Definitions and Abbreviations

• • IP, intraperitoneal.
  • CoQ0, 2,3-dimethoxy-5-methyl-1,4-benzoquinone.
  • EGCG, epigallocatechin gallate.
  • DMSO, dimethyl sulfoxide.
  • NS, not significant.

The use of the terms “a” and “an” and “the” and similar referents (especially in the context of the following claims) are to be construed to cover both the singular and the plural, unless otherwise indicated herein or clearly contradicted by context. The terms first, second etc. as used herein are not meant to denote any particular ordering, but simply for convenience to denote a plurality of, for example, layers. The terms “comprising”, “having”, “including”, and “containing” are to be construed as open-ended terms (i.e., meaning “including, but not limited to”) unless otherwise noted. Recitation of ranges of values are merely intended to serve as a shorthand method of referring individually to each separate value falling within the range, unless otherwise indicated herein, and each separate value is incorporated into the specification as if it were individually recited herein. The endpoints of all ranges are included within the range and independently combinable. All methods described herein can be performed in a suitable order unless otherwise indicated herein or otherwise clearly contradicted by context. The use of any and all examples, or exemplary language (e.g., “such as”), is intended merely to better illustrate the invention and does not pose a limitation on the scope of the invention unless otherwise claimed. No language in the specification should be construed as indicating any non-claimed element as essential to the practice of the invention as used herein.

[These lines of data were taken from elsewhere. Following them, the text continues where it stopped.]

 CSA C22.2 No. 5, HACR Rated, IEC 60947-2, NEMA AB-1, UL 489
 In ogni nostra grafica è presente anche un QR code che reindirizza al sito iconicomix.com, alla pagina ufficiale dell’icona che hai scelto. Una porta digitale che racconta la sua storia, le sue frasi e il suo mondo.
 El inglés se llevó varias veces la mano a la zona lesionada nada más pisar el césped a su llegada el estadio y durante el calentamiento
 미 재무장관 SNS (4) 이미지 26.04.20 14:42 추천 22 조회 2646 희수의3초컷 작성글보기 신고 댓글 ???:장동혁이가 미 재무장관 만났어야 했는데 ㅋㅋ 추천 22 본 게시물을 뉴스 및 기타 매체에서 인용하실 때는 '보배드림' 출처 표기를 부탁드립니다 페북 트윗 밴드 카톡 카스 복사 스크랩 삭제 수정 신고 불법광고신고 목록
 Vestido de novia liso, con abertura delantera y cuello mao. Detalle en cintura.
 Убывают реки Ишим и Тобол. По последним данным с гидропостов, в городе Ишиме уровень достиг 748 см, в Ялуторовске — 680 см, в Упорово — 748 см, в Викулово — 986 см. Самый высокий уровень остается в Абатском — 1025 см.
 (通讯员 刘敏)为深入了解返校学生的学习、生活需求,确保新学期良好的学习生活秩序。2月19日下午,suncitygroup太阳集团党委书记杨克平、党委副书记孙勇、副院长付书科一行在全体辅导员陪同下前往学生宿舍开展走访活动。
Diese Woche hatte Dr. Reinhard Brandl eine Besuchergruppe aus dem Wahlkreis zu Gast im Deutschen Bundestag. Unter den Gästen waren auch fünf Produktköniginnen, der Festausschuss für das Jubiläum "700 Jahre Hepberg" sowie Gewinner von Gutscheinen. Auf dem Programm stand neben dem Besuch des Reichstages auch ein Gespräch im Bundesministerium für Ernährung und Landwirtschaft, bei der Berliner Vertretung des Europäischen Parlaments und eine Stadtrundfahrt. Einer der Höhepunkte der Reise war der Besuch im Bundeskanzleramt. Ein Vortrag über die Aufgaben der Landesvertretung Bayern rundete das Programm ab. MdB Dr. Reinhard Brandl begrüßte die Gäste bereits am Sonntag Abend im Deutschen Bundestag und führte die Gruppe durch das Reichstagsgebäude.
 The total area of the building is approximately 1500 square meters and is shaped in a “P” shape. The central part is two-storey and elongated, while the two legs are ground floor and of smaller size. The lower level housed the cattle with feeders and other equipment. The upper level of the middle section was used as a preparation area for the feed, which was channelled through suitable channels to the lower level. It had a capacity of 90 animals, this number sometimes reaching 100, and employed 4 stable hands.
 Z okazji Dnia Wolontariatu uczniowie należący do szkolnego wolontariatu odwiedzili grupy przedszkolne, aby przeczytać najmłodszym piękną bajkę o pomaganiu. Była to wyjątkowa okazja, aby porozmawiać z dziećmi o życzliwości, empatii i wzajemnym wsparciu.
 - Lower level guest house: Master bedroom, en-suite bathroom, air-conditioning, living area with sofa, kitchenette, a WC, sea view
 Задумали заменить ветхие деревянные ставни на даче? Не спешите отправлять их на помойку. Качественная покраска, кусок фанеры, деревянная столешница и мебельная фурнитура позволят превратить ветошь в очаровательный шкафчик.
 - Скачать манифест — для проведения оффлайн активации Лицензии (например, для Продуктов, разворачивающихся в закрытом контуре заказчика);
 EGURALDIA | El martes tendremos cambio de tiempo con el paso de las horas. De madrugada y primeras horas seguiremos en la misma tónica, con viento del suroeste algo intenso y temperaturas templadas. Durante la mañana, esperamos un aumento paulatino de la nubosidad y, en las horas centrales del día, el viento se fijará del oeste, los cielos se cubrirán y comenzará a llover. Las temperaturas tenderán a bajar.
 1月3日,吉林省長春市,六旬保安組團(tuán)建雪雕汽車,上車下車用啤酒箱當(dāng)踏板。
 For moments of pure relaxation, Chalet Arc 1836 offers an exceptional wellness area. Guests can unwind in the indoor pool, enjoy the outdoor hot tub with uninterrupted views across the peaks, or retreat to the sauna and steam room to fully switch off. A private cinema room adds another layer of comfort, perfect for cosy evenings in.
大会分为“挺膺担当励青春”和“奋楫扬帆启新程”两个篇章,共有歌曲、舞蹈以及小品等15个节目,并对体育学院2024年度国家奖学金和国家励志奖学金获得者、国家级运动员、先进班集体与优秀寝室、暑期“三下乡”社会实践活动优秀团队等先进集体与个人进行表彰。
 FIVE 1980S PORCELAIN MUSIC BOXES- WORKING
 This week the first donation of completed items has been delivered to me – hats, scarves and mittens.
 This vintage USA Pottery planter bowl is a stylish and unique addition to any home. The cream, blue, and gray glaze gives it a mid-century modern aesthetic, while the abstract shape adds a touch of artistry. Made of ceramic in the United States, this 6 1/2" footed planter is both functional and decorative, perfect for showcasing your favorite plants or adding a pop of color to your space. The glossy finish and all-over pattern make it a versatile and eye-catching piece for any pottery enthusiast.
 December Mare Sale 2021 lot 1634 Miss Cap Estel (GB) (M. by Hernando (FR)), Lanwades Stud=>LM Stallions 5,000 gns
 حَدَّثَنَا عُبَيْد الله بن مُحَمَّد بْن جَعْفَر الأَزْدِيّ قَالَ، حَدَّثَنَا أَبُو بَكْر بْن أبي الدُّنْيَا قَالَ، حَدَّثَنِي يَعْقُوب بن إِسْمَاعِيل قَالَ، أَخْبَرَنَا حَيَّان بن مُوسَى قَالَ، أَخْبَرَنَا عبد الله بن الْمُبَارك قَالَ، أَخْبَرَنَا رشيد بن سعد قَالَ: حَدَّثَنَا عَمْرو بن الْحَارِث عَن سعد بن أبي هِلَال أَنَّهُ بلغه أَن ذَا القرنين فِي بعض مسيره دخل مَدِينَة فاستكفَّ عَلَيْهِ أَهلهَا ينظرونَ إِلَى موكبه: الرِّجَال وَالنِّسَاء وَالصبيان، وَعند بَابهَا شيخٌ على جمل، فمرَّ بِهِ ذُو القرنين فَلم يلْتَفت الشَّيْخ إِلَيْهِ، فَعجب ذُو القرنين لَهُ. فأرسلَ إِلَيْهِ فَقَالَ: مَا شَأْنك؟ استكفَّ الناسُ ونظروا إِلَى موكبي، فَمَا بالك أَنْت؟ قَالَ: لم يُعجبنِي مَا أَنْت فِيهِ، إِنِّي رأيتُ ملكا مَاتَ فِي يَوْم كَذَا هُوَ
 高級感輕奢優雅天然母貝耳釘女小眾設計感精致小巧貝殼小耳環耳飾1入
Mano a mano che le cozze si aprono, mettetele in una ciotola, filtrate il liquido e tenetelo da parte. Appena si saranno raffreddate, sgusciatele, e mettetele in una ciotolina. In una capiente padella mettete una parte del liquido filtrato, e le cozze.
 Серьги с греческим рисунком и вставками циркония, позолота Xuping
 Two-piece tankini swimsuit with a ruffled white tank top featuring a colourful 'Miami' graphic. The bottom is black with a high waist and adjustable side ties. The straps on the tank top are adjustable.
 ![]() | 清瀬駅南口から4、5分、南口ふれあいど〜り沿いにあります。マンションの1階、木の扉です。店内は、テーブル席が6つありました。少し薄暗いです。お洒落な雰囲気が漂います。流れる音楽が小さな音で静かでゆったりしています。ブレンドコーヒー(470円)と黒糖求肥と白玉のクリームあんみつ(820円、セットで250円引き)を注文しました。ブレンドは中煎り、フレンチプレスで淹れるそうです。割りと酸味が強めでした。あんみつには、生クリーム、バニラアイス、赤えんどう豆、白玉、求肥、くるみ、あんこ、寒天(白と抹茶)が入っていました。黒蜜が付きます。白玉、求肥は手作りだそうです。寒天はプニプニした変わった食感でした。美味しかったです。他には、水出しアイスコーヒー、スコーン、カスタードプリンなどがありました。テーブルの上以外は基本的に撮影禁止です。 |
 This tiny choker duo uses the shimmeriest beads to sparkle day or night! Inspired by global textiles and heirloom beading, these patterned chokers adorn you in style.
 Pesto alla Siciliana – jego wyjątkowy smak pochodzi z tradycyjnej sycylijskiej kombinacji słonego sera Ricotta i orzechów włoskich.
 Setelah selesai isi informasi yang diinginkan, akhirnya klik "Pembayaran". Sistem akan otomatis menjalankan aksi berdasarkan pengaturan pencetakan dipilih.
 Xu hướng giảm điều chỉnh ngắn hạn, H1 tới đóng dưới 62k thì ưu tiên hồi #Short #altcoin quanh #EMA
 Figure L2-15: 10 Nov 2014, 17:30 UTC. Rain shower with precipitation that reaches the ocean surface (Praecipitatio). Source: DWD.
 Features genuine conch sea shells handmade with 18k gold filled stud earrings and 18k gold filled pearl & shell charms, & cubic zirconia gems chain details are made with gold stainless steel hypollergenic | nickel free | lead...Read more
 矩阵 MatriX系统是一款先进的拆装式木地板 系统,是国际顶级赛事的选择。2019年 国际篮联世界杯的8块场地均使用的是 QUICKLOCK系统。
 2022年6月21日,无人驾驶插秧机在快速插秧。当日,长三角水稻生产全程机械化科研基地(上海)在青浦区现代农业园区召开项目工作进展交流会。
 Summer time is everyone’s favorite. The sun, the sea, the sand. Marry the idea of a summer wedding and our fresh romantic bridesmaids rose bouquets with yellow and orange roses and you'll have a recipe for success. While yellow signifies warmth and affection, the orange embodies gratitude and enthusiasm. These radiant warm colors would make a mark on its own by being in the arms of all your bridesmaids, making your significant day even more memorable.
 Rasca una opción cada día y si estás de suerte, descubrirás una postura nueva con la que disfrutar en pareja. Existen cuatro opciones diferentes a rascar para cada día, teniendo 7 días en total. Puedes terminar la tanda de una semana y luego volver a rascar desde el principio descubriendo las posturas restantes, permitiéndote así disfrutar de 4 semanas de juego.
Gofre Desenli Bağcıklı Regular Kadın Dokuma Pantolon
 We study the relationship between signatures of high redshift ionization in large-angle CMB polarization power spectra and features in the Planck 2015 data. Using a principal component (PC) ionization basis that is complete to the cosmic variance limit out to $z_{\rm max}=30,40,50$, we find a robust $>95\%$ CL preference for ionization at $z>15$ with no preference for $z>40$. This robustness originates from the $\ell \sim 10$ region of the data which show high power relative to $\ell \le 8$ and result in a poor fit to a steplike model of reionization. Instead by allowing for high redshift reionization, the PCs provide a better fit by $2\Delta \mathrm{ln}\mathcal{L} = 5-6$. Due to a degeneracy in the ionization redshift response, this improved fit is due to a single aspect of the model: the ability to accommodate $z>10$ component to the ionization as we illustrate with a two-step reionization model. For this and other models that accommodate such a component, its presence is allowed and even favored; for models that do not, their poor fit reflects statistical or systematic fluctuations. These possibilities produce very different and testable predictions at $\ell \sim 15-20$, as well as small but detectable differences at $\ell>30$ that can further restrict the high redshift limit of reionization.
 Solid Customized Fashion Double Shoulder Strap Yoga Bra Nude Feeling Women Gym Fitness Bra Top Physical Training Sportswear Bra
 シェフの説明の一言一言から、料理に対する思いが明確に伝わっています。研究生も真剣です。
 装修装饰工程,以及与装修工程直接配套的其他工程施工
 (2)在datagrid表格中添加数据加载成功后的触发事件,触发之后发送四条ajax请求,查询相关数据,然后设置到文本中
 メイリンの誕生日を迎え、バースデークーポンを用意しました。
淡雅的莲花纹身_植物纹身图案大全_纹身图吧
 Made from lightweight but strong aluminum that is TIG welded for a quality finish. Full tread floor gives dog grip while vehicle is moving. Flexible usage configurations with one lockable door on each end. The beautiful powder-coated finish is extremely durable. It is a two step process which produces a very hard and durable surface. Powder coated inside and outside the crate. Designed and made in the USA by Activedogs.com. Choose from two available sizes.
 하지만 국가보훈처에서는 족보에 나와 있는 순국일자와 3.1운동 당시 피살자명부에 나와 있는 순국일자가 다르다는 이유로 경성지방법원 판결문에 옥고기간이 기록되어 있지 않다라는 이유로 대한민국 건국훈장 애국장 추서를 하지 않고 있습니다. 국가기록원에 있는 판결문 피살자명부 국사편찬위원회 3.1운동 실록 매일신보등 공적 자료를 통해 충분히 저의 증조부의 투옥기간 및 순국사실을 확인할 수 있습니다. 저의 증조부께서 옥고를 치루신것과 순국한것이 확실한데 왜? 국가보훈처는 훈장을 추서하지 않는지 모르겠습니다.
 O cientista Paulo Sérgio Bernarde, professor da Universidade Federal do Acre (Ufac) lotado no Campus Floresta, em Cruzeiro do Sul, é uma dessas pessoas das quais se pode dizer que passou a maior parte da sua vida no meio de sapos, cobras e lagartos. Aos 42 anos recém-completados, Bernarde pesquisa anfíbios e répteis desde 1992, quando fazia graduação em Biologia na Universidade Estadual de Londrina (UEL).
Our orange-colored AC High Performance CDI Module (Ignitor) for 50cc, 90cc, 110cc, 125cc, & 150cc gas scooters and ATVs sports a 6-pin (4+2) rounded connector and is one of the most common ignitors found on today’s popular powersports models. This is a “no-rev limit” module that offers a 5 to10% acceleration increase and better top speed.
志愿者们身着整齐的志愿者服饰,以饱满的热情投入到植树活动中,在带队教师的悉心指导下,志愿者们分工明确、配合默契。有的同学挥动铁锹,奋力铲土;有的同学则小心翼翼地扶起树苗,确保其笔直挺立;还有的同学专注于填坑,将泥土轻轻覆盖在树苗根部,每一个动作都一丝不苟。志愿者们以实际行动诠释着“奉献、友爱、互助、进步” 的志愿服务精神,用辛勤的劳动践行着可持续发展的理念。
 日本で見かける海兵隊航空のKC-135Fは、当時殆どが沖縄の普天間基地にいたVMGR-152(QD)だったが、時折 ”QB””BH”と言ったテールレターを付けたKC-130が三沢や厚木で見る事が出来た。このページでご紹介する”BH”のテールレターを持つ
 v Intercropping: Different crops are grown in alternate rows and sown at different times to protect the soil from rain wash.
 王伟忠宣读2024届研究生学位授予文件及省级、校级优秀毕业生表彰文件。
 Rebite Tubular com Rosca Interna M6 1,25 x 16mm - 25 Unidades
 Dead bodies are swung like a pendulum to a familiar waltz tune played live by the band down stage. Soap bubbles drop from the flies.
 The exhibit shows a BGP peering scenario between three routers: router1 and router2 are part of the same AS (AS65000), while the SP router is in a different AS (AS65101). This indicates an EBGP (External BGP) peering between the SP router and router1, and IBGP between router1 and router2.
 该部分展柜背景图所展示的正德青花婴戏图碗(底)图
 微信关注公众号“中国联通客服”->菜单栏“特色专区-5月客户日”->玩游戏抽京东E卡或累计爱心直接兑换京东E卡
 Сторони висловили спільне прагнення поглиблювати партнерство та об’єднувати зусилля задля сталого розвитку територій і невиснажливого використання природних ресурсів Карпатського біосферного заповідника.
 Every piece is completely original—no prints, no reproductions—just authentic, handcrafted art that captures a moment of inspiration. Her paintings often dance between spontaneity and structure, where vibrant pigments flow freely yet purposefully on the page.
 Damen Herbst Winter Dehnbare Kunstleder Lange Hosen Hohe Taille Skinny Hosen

While the invention has been described with reference to an exemplary embodiment, it will be understood by those skilled in the art that various changes may be made and equivalents may be substituted for elements thereof without departing from the scope of the invention. In addition, many modifications may be made to adapt a particular situation or material to the teachings of the invention without departing from the essential scope thereof. Therefore, it is intended that the invention not be limited to the particular embodiment disclosed as the best mode contemplated for carrying out this invention, but that the invention will include all embodiments falling within the scope of the appended claims. Any combination of the above-described elements in all possible variations thereof is encompassed by the invention unless otherwise indicated herein or otherwise clearly contradicted by context.